- _Problem_:
Please copy all of the entries exactly, but drop every picture.

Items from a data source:
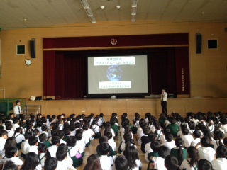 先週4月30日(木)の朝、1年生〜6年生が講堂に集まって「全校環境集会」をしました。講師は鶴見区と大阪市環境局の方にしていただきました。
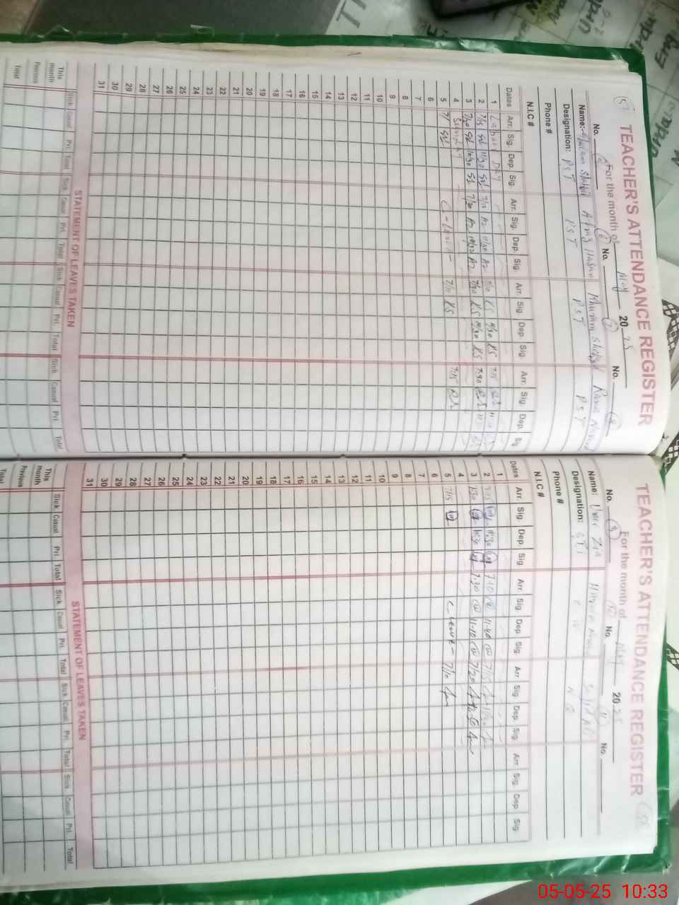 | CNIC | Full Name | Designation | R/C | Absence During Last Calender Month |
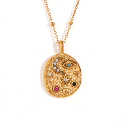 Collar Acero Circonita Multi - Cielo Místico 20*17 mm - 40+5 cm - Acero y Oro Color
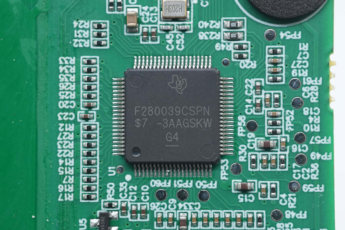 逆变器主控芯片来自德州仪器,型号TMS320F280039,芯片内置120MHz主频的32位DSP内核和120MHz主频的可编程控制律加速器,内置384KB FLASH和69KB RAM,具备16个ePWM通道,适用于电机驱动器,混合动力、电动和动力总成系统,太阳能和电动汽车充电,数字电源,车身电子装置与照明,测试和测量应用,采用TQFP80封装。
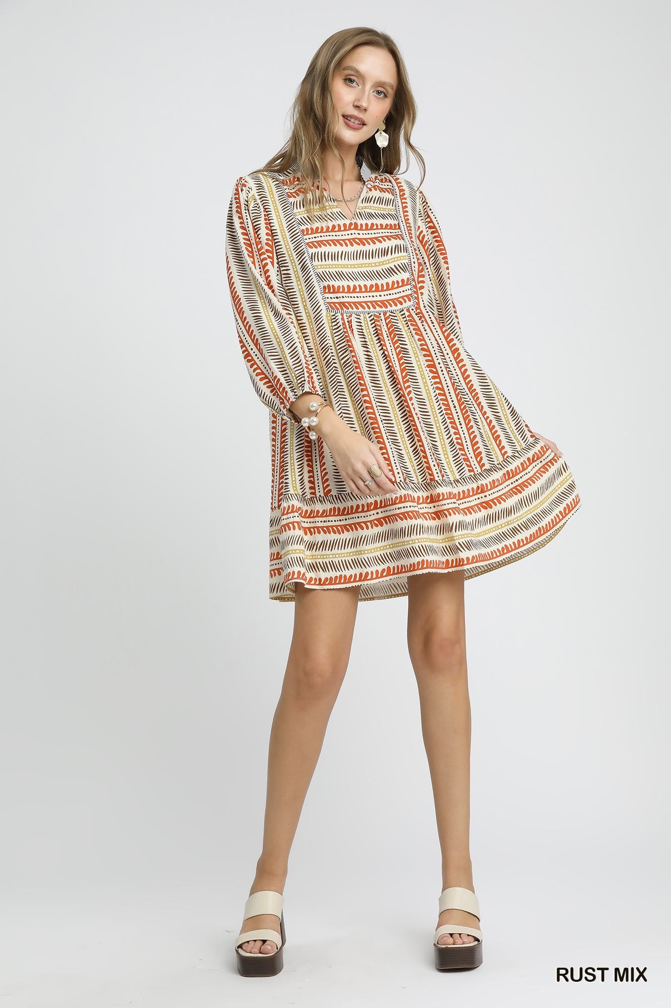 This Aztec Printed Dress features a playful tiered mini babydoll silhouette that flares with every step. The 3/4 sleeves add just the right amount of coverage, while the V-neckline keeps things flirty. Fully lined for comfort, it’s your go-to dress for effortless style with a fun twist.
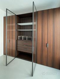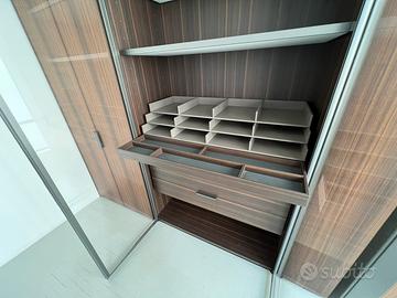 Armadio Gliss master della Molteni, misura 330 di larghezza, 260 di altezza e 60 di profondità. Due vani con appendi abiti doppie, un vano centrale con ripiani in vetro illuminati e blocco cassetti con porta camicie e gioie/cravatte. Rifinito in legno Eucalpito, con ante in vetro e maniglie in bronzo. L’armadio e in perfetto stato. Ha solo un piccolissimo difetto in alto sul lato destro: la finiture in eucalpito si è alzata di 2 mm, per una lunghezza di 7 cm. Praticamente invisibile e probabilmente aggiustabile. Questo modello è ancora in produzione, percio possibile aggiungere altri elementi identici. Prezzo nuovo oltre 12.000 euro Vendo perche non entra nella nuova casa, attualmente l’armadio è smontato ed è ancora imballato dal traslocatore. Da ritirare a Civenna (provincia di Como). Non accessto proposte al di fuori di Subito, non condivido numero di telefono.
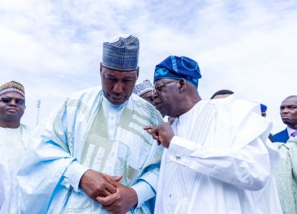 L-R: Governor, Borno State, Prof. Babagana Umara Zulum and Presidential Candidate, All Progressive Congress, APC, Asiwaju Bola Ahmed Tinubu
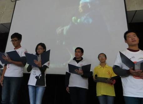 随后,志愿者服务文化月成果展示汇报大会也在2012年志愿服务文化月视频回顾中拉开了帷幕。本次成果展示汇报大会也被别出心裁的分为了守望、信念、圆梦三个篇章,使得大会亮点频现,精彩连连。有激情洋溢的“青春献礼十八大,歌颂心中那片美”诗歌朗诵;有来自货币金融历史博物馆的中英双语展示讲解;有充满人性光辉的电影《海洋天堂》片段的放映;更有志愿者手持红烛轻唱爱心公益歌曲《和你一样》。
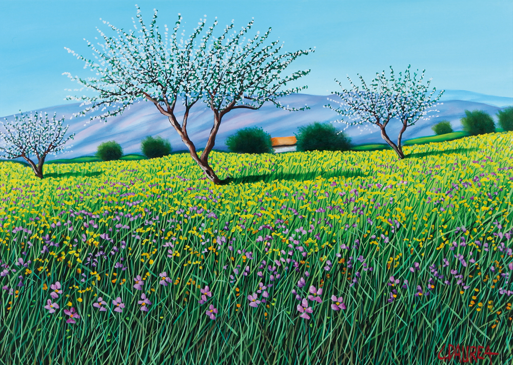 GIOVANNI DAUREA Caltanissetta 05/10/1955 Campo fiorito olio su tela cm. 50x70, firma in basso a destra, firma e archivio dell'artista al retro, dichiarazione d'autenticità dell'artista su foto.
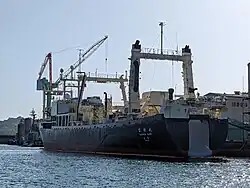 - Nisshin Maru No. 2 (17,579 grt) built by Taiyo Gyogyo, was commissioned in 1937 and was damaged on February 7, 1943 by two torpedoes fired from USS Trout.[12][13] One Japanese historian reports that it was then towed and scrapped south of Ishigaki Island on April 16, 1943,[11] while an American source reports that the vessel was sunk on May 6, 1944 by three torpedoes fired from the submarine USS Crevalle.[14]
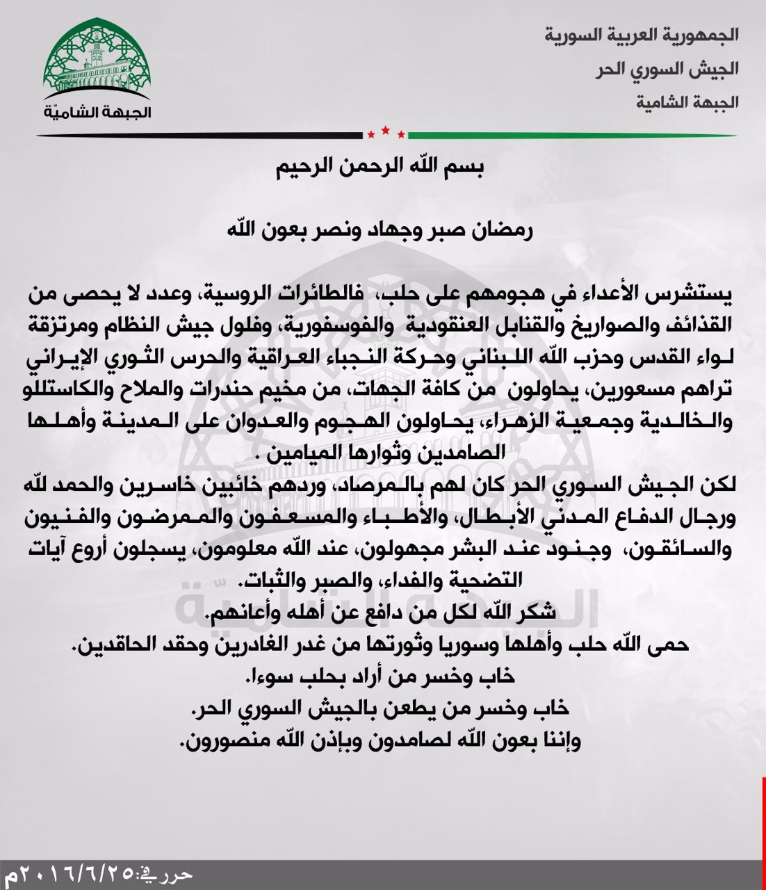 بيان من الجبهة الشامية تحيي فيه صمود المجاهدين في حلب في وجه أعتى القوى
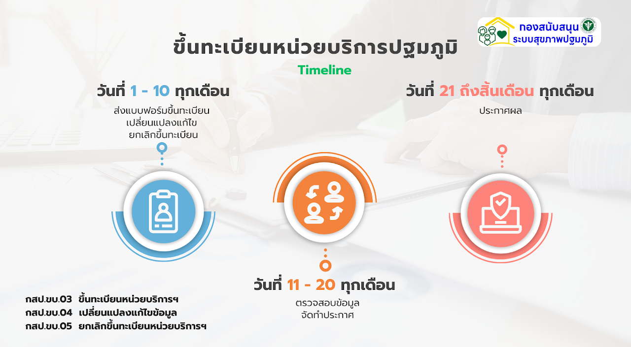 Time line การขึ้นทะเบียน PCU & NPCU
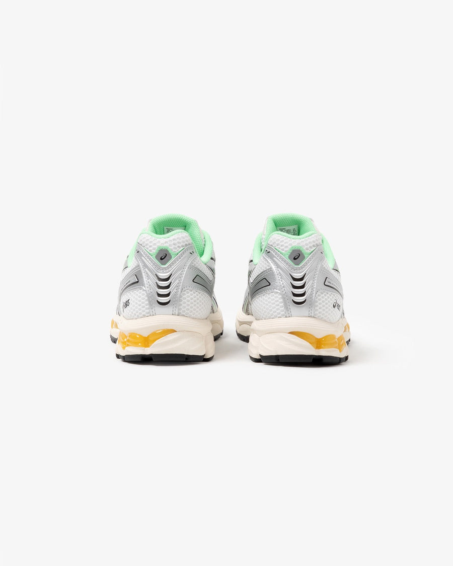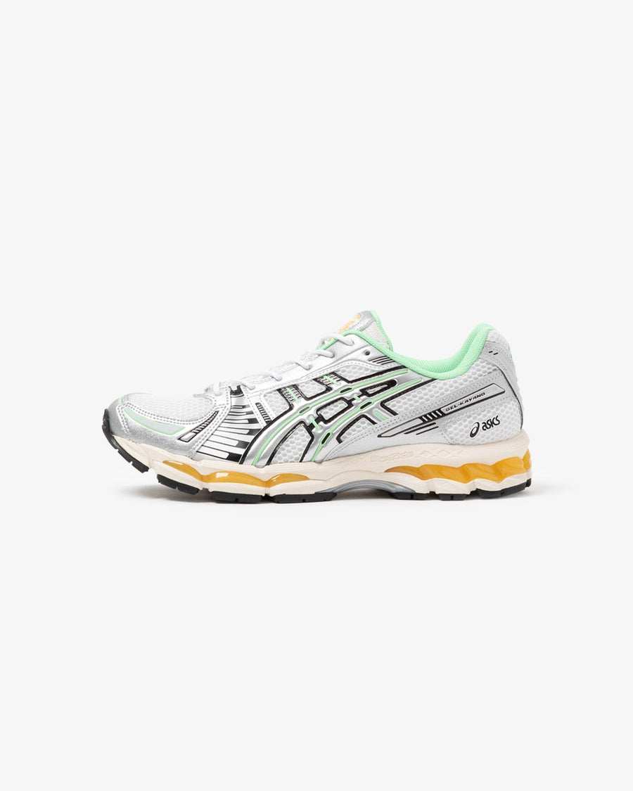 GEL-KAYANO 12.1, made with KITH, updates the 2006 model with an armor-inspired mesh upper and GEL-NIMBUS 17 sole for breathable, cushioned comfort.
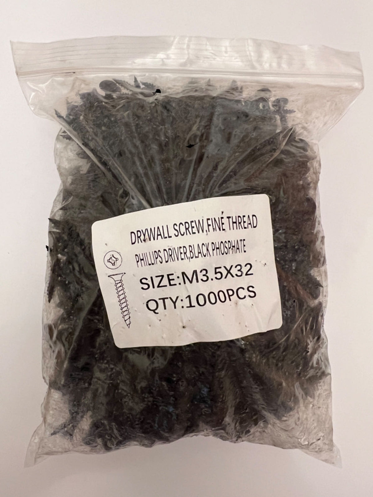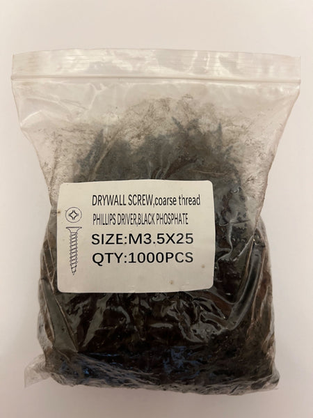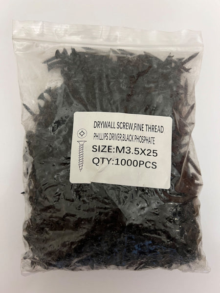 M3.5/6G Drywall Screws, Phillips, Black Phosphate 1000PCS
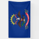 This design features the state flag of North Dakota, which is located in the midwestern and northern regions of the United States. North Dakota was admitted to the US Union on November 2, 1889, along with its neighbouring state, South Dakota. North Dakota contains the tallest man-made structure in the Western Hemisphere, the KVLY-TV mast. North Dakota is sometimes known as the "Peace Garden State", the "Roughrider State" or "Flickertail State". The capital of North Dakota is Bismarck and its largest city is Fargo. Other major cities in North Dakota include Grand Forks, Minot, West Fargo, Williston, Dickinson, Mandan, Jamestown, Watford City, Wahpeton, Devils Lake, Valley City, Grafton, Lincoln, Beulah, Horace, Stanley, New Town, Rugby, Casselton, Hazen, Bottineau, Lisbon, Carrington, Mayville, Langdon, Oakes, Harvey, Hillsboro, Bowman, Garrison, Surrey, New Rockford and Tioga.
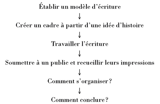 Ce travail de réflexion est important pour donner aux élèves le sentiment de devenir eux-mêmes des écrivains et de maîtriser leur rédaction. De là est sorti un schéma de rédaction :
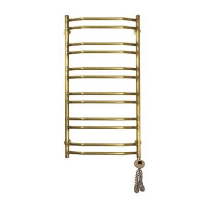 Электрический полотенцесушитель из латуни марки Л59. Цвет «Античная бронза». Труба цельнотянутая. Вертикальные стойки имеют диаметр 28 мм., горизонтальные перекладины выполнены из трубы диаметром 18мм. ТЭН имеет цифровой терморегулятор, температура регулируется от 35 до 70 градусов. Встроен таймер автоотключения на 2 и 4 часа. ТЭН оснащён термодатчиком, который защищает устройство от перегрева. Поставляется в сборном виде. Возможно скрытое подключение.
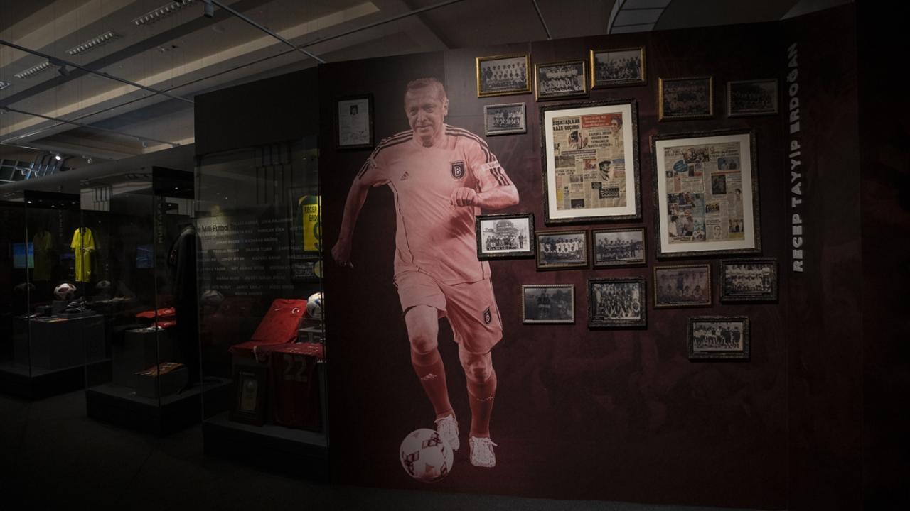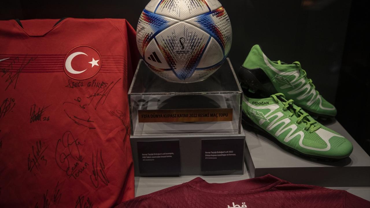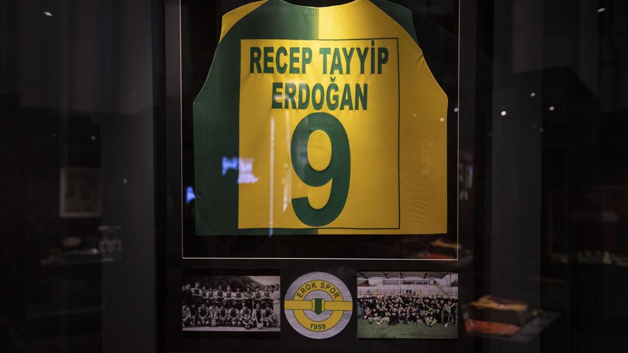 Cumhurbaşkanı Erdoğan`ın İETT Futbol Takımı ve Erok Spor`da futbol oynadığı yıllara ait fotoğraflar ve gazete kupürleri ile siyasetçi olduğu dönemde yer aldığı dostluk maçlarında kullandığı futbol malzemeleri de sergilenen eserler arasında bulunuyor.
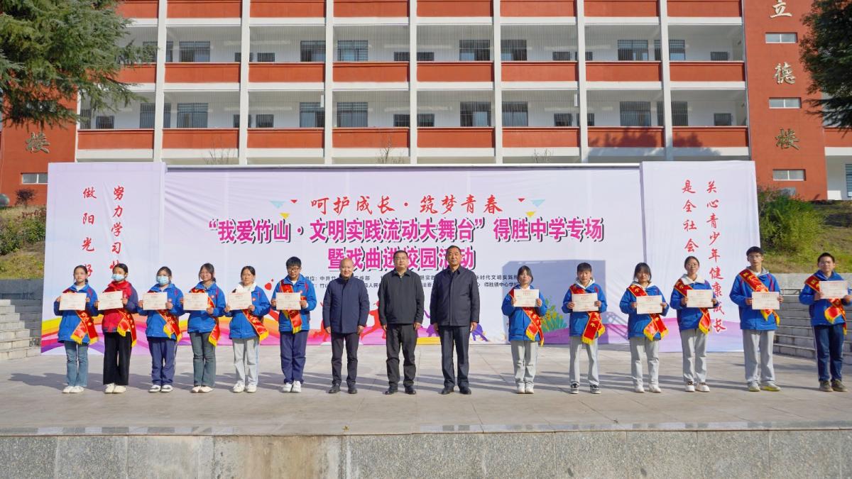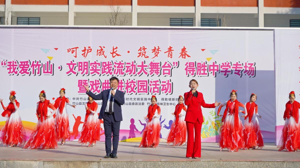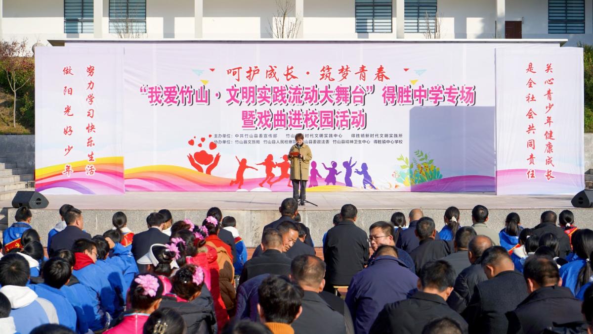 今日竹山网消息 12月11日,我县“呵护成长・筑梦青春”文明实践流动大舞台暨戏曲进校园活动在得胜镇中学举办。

- _Answer to this task_:
 先週4月30日(木)の朝、1年生〜6年生が講堂に集まって「全校環境集会」をしました。講師は鶴見区と大阪市環境局の方にしていただきました。
 | CNIC | Full Name | Designation | R/C | Absence During Last Calender Month |
 Collar Acero Circonita Multi - Cielo Místico 20*17 mm - 40+5 cm - Acero y Oro Color
 逆变器主控芯片来自德州仪器,型号TMS320F280039,芯片内置120MHz主频的32位DSP内核和120MHz主频的可编程控制律加速器,内置384KB FLASH和69KB RAM,具备16个ePWM通道,适用于电机驱动器,混合动力、电动和动力总成系统,太阳能和电动汽车充电,数字电源,车身电子装置与照明,测试和测量应用,采用TQFP80封装。
 This Aztec Printed Dress features a playful tiered mini babydoll silhouette that flares with every step. The 3/4 sleeves add just the right amount of coverage, while the V-neckline keeps things flirty. Fully lined for comfort, it’s your go-to dress for effortless style with a fun twist.
 Armadio Gliss master della Molteni, misura 330 di larghezza, 260 di altezza e 60 di profondità. Due vani con appendi abiti doppie, un vano centrale con ripiani in vetro illuminati e blocco cassetti con porta camicie e gioie/cravatte. Rifinito in legno Eucalpito, con ante in vetro e maniglie in bronzo. L’armadio e in perfetto stato. Ha solo un piccolissimo difetto in alto sul lato destro: la finiture in eucalpito si è alzata di 2 mm, per una lunghezza di 7 cm. Praticamente invisibile e probabilmente aggiustabile. Questo modello è ancora in produzione, percio possibile aggiungere altri elementi identici. Prezzo nuovo oltre 12.000 euro Vendo perche non entra nella nuova casa, attualmente l’armadio è smontato ed è ancora imballato dal traslocatore. Da ritirare a Civenna (provincia di Como). Non accessto proposte al di fuori di Subito, non condivido numero di telefono.
 L-R: Governor, Borno State, Prof. Babagana Umara Zulum and Presidential Candidate, All Progressive Congress, APC, Asiwaju Bola Ahmed Tinubu
 随后,志愿者服务文化月成果展示汇报大会也在2012年志愿服务文化月视频回顾中拉开了帷幕。本次成果展示汇报大会也被别出心裁的分为了守望、信念、圆梦三个篇章,使得大会亮点频现,精彩连连。有激情洋溢的“青春献礼十八大,歌颂心中那片美”诗歌朗诵;有来自货币金融历史博物馆的中英双语展示讲解;有充满人性光辉的电影《海洋天堂》片段的放映;更有志愿者手持红烛轻唱爱心公益歌曲《和你一样》。
 GIOVANNI DAUREA Caltanissetta 05/10/1955 Campo fiorito olio su tela cm. 50x70, firma in basso a destra, firma e archivio dell'artista al retro, dichiarazione d'autenticità dell'artista su foto.
 - Nisshin Maru No. 2 (17,579 grt) built by Taiyo Gyogyo, was commissioned in 1937 and was damaged on February 7, 1943 by two torpedoes fired from USS Trout.[12][13] One Japanese historian reports that it was then towed and scrapped south of Ishigaki Island on April 16, 1943,[11] while an American source reports that the vessel was sunk on May 6, 1944 by three torpedoes fired from the submarine USS Crevalle.[14]
 بيان من الجبهة الشامية تحيي فيه صمود المجاهدين في حلب في وجه أعتى القوى
 Time line การขึ้นทะเบียน PCU & NPCU
 GEL-KAYANO 12.1, made with KITH, updates the 2006 model with an armor-inspired mesh upper and GEL-NIMBUS 17 sole for breathable, cushioned comfort.
 M3.5/6G Drywall Screws, Phillips, Black Phosphate 1000PCS
 This design features the state flag of North Dakota, which is located in the midwestern and northern regions of the United States. North Dakota was admitted to the US Union on November 2, 1889, along with its neighbouring state, South Dakota. North Dakota contains the tallest man-made structure in the Western Hemisphere, the KVLY-TV mast. North Dakota is sometimes known as the "Peace Garden State", the "Roughrider State" or "Flickertail State". The capital of North Dakota is Bismarck and its largest city is Fargo. Other major cities in North Dakota include Grand Forks, Minot, West Fargo, Williston, Dickinson, Mandan, Jamestown, Watford City, Wahpeton, Devils Lake, Valley City, Grafton, Lincoln, Beulah, Horace, Stanley, New Town, Rugby, Casselton, Hazen, Bottineau, Lisbon, Carrington, Mayville, Langdon, Oakes, Harvey, Hillsboro, Bowman, Garrison, Surrey, New Rockford and Tioga.
 Ce travail de réflexion est important pour donner aux élèves le sentiment de devenir eux-mêmes des écrivains et de maîtriser leur rédaction. De là est sorti un schéma de rédaction :
 Электрический полотенцесушитель из латуни марки Л59. Цвет «Античная бронза». Труба цельнотянутая. Вертикальные стойки имеют диаметр 28 мм., горизонтальные перекладины выполнены из трубы диаметром 18мм. ТЭН имеет цифровой терморегулятор, температура регулируется от 35 до 70 градусов. Встроен таймер автоотключения на 2 и 4 часа. ТЭН оснащён термодатчиком, который защищает устройство от перегрева. Поставляется в сборном виде. Возможно скрытое подключение.
 Cumhurbaşkanı Erdoğan`ın İETT Futbol Takımı ve Erok Spor`da futbol oynadığı yıllara ait fotoğraflar ve gazete kupürleri ile siyasetçi olduğu dönemde yer aldığı dostluk maçlarında kullandığı futbol malzemeleri de sergilenen eserler arasında bulunuyor.
 今日竹山网消息 12月11日,我县“呵护成长・筑梦青春”文明实践流动大舞台暨戏曲进校园活动在得胜镇中学举办。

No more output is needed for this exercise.